→ Task objective
Lines from the one containing "2016年12月江都區(qū)城市供水管網(wǎng)末梢公示" through the final line of the data, restated word for word and free of pictures, make up the whole answer.

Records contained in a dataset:
+--

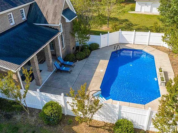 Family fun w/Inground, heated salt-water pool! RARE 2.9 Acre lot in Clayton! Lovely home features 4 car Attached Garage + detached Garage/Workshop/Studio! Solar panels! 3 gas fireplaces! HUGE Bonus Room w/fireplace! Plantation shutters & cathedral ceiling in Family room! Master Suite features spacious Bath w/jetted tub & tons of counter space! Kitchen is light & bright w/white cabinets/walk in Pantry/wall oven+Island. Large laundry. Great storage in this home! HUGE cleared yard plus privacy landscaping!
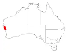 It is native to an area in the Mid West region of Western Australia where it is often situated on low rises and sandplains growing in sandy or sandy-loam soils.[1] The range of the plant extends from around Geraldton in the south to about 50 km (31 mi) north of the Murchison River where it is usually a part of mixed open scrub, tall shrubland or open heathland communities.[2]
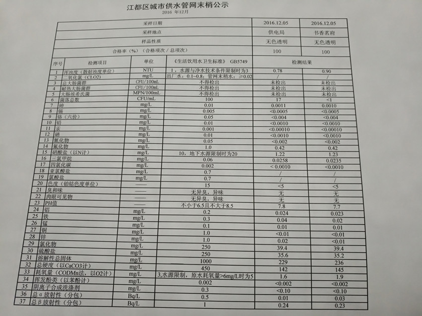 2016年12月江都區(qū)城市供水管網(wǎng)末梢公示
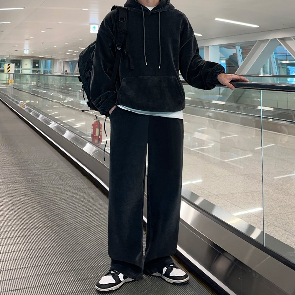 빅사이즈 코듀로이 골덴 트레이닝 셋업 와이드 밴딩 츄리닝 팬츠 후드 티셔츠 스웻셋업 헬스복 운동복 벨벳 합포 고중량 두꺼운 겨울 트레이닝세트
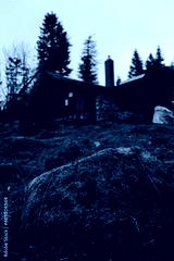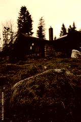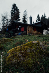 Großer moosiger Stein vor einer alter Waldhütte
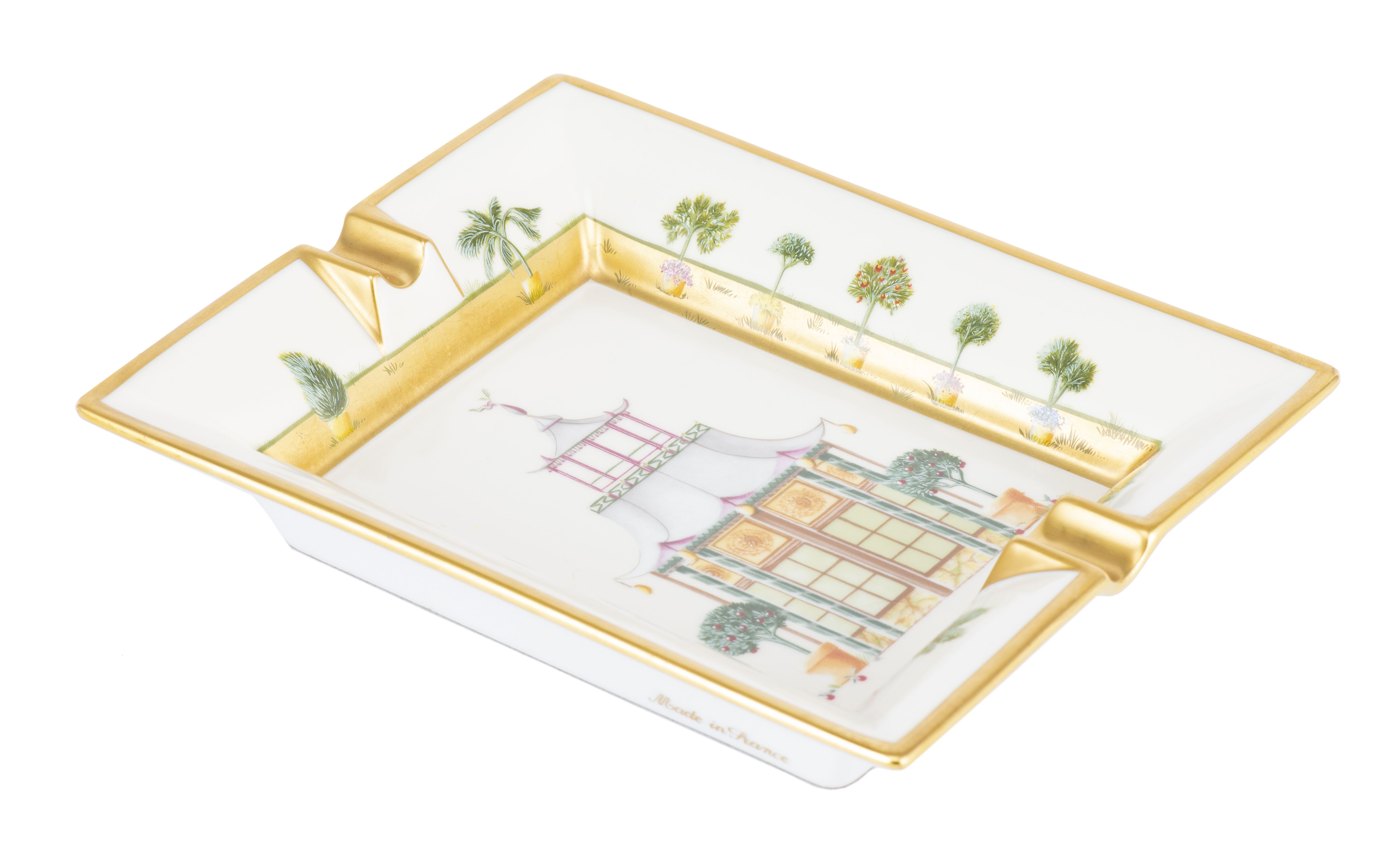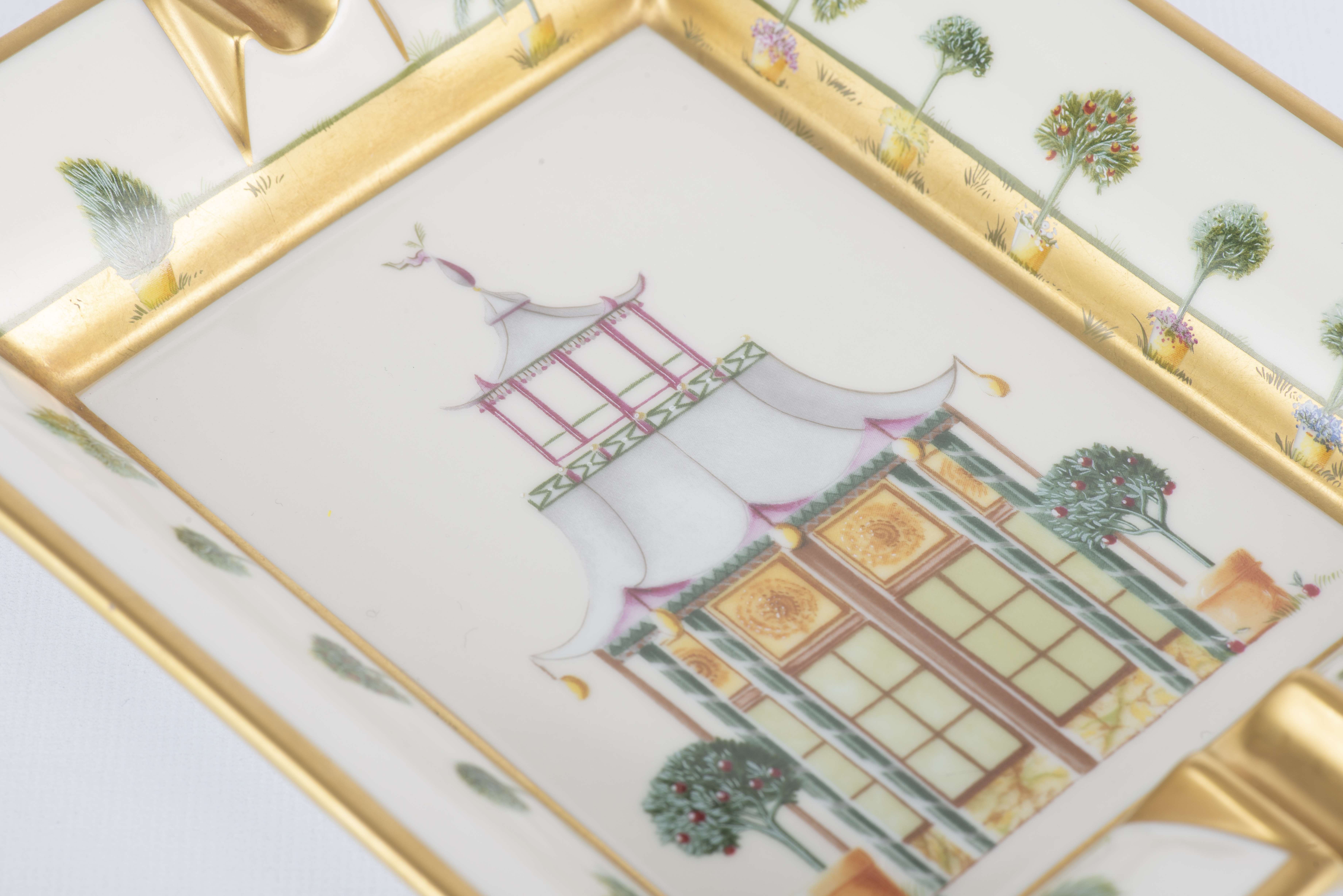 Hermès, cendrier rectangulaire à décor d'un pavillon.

+--

→ Finished task
 2016年12月江都區(qū)城市供水管網(wǎng)末梢公示
 빅사이즈 코듀로이 골덴 트레이닝 셋업 와이드 밴딩 츄리닝 팬츠 후드 티셔츠 스웻셋업 헬스복 운동복 벨벳 합포 고중량 두꺼운 겨울 트레이닝세트
 Großer moosiger Stein vor einer alter Waldhütte
 Hermès, cendrier rectangulaire à décor d'un pavillon.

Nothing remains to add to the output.